In the display, one of their escort missiles went from green to amber to flashing red.
“Shit,” Bobbie said. “Lost one.”
“It’s all right. We’ve got plenty more.”
In the past hours, the Pella and her pack had come up with the bright idea of coordinating their comm lasers to hit a particular missile and then pumping energy into it until the controls overheated. The missiles failed inert, or they would have figured the enemy strategy out when the escorting cloud had cooked off in a massive chain reaction. Instead, they’d lost four missiles in half an hour and put together what was happening. Bobbie and the Razorback’s antiquated and underpowered system had designed a rolling pattern formation for the missiles that kept any one of them from being in an uninterrupted sightline for more than a few seconds at a time. Watching it on the cameras reminded Alex of documentaries he’d seen about deep sea fish on Earth, vast schools roiling and yet staying together. Only for him, it was their little group of remaining missiles.

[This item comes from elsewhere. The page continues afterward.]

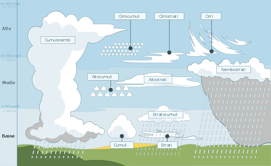 - NUBI BASSE, si formano fra il suolo e 2000 metri, sono costituite da una base ben definita ed internamente da gocce d’acqua in sospensione. Generalmente da esse dipende la maggior parte delle precipitazioni. Si distinguono in cumuli e stratocumuli.

Ever since the announcement by the Free Navy, the prime minister had been back in the cabin, using their own tightbeam for what sounded like a hundred furious conversations that all seemed to have the same timbre. Alex couldn’t quite make out all the words and he made conscious effort not to listen in case someone asked later what he knew. But the phrases not substantiated and significant failure and still investigating all came through enough times that Alex started to recognize them, kind of like hearing a song often enough that the lyrics became clearer.
His monitor was divided between a large-scale map of the solar system highlighting the parts of it critical to him – the Razorback, the UN military escort burning out to meet them, the Rocinante, the Pella and its pack, Tycho Station, Mars, Earth, Luna – and a smaller inset that was the Razorback’s internal systems diagnostics. The little pinnace hadn’t been intended for full interplanetary travel, and with Earth and Mars where they were, they were going to be cutting it pretty close. The reactor had enough fuel pellets to burn for months, but once they ran out of ejection mass, the drive wouldn’t do them much good. So far, they were still inside the error bars. Which, for him, meant that even if they ran out, they’d be going slow enough that someone could come throw a tether on them. Rescued by professionals was still firmly in his win column.
The navigation system threw an alert to his monitor. He opened it.